# Acer laptop keeps shutting off randomly =[



## wayderz (Jan 13, 2007)

Hi,
To start off i know next to nothing about computers, all i can do is follow directions. Anyways, my problem is that my computer keeps shutting off randomly, it has nothing to do with the battery, i tested it by putting my laptop only on AC power, but it did the same thing...

First the bottom of my laptop gets hot and my fan starts blowing, at what i assume, is the highest it can go. Then after about 5-10 minutes, it completely shuts off without warning.

I play a game called hero online(a 3D MMO), i had not played for a week so i didn't notice that anything was wrong. Until one day i wanted to play it, so i logged on and everything went fine for about 10 minutes, it just randomly shut off. I know it must have been something i did, because i played this game for 5 months prior to when i started having this problem. Since the first time, the problem has become more frequent and now it is to the point to where when i run Norton Anti-Virus, it gets about half way through then my computer shuts down again.

CAN SOMEONE PLEASE HELP RESOLVE THIS PROBLEM?!?!

I'm not sure about what i should say about my system, all i know is this:

on the front it says "acer" "Aspire 5000"

graphics card: SiS M760GX
Processors: AMD Turion(tm) 64Mobile Technology ML-30
Modems:Agere Systems AC'97 Modem

If you need anything els to help determine my problem just ask, i will monitor this post about every 30 minutes.

( i have no idea about any of this, so if you are nice enough to help me out, please dumb it down for me ^_^, otherwise i'll sit here with an open mouth,gawking at the computer screen for about an hour)


----------



## TheMatt (May 9, 2006)

Hi wayderz,

The Aspire 3000/5000 laptops have two main overheating problems: The SiS chipset and the CPU. Download MobileMeter from my sig and open up your game for 5 mins, then check the temps, and post them here.

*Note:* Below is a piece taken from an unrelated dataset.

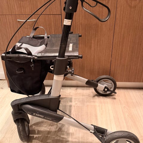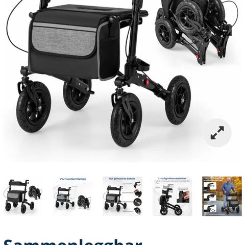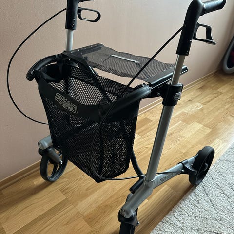 Som ny Movu rullator selges da den ikke blir brukt. Er kun prøvd ett par ganger og alltid innendørs. Følger med sete og to vesker

If it is overheating, you can easily solve it with a cooling pad. My Acer was overheating in the same way, and I got a cooling pad, which solved it.


----------



## hwm54112 (Oct 10, 2005)

Welcome to TSF,

It sounds like heat caused the initial crashes and now the crashes have caused an issue with the drive. To help alleviate the heat somewhat, take the battery out and run on AC, place on a hard surface, elevate it to allow air flow underneath and use a small fan to help blow the heat away from it

Then, start>left click “my computer”>right click on local disk C: >properties>tools tab>error checking >check now- check both options>start> and run chkdsk at next startup.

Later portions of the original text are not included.